Here comes the Nice: Glasgow’s Sweaty Palms have got the right stuff

Sweaty Palms frontman Robbie Houston opens up to Hugo Fluendy about their new single Nice to be Nice and how he’s not making a scene about it

Robbie Houston is a quietly courteous, young working class Glaswegian, shy almost. Just don’t take his good manners for granted, as his band’s Sweaty Palms explosive new single Nice to be Nice reveals. It’s no joke. As Richey Manic notoriously advertised by carving ‘4 Real’ on his arm with a razor blade during a gig, Houston means it man. Beneath his somewhat diffident persona, the rage born of navigating the shallows of today’s bankrupt precarity is being channeled into some of the most powerful independent music being made in Scotland today. Nice to be Nice is a venomous takedown of passive aggressive Glaswegian anti-patter, condensed into a furious five-minute picaresque tale of hypocritical modern manners building to an air-punching crescendo of glorious clanging abstract noise. Make no mistake, the creative dynamo driving ragged-trousered art rockers Sweaty Palms and his other band Fall-favourites Objectified doesn’t have a choice about making music. You’ll certainly never look at Lynx deodorant the same way again.

“Lyrically it has to be the most cathartic song I’ve ever put words to. I’ve spent a fair amount of my life in a state of anxiety and rage, both in equal measures. It took me a long time to realise that this was due to a lack of assertion in my day to day life. I’m a people pleaser which all too often proves detrimental to myself. Sweaty Palms has always been an outlet for this without me being fully aware of it. This song came about at a time when my niceties were yet again taken advantage of by two very good friends. I was consumed by the betrayal and was just walking about in a blind rage, which this song got me out of. Music is the most constructive way I’ve managed my anger.”

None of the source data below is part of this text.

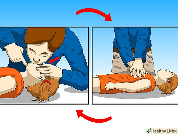- Якщо ви перебуваєте з дитиною наодинці, насамперед приступите до надання першої невідкладної допомоги. Проведіть її протягом двох хвилин, а потім зупиніться і зателефонуйте в швидку допомогу. Продовжіть надавати допомогу, поки не приїде швидка допомога.[1]
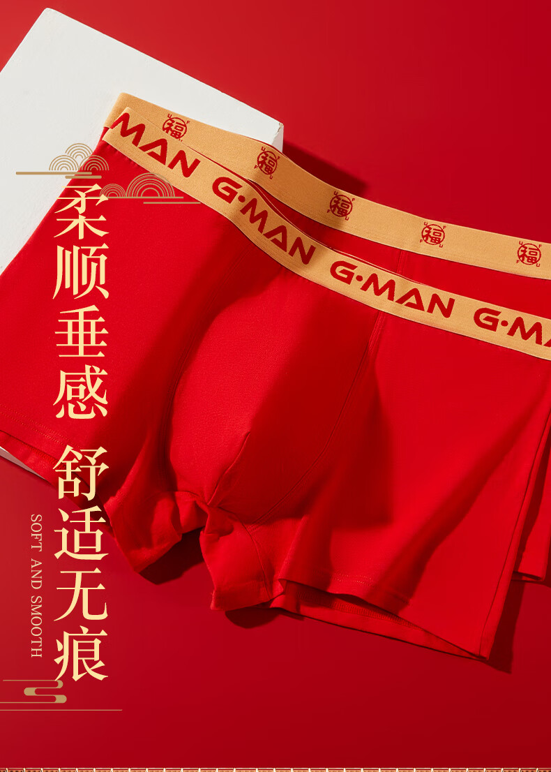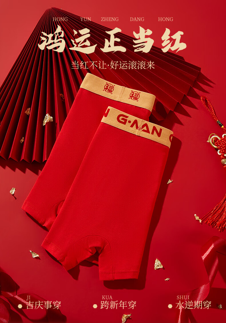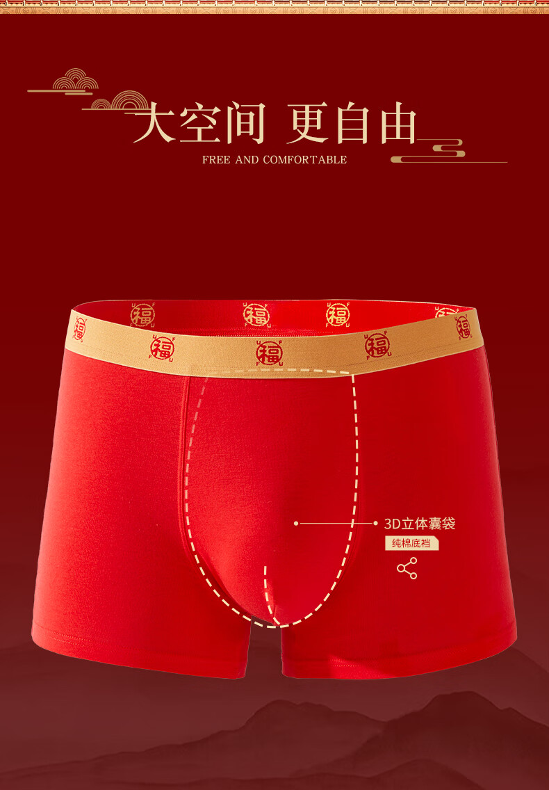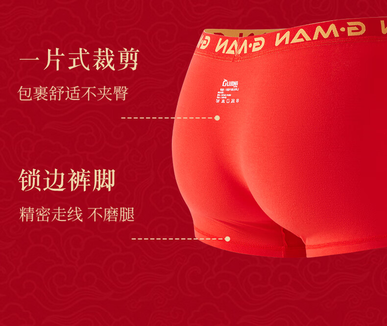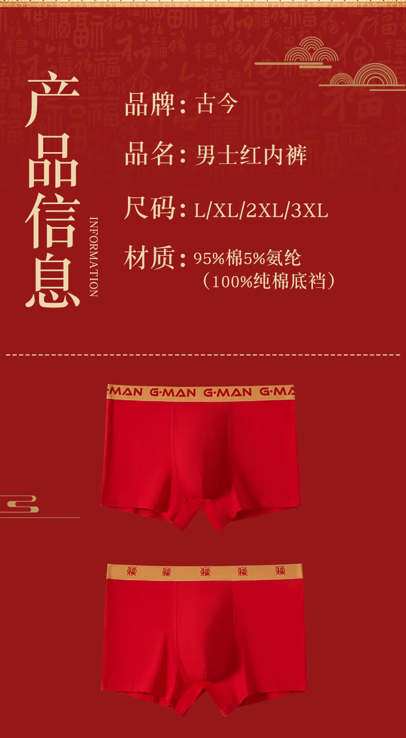 古今红色内裤男士全纯棉短裤衩头高端平四角本命年男生结婚大码 红福字+红字母 2条 XL 体重60-70kg
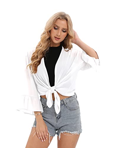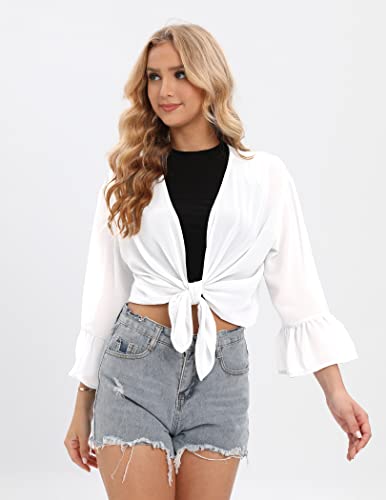 JUOIANTANG Donne Chiffon Coprispalle con Volant Maniche Aperto Front Cover-Ups Solid Color Chiffon Bolero Jacket S-XL, bianco, L
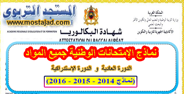 نماذج و مواضيع الامتحان الوطني الموحد للبكالوريا مع التصحيح من 2011 إلى 2015 الدورة العادية و الإستدراكية , الإمتحانات الوطنية الموحدة للبكالوريا مع التصحيح,تحميل جميع الإمتحانات الوطنية مع التصحيح.
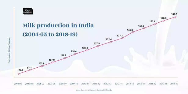 विडंबना है कि एक तरफ ग्रामीण घरों में मवेशी तेजी से गायब हो रहे हैं, दूसरी तरफ देश में दूध का उत्पादन अब तक के उच्च स्तर पर है। राष्ट्रीय डेयरी विकास बोर्ड के अनुसार भारत में दूध का उत्पादन वर्ष 1991-92 में 5.56 करोड़ टन था जो 2018-19 में बढ़कर 18.77 करोड़ टन हो गया। यह 2019-20 में बढ़कर 19.84 करोड़ टन हो गया। वर्ष 2030 में दूध की मांग 26.65 करोड़ टन तक पहुंचने की उम्मीद है।
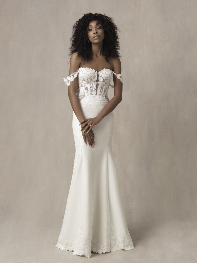 Sizes with an S are 4 inches shorter in length.Stunning, ephemeral flowers adorn the bodice and detachable off-shoulder straps of this sheath gown.

Houston’s intense vocal performance is framed by a motorik backdrop of live drums, guitars and bass synth. “Musically we took a lot of inspiration from a cult Glasgow band called Big Ned. Craig [Clarke] used to play in them so we can get away with it. They had a song called Ding Dong, which is just droning on the same note with psychotic Glaswegian dialogue over the top. I feel bad because they never released it so no one can call us out on ripping them off, I hope the rest of the band don’t come for us when we start making our riches,” admits Houston.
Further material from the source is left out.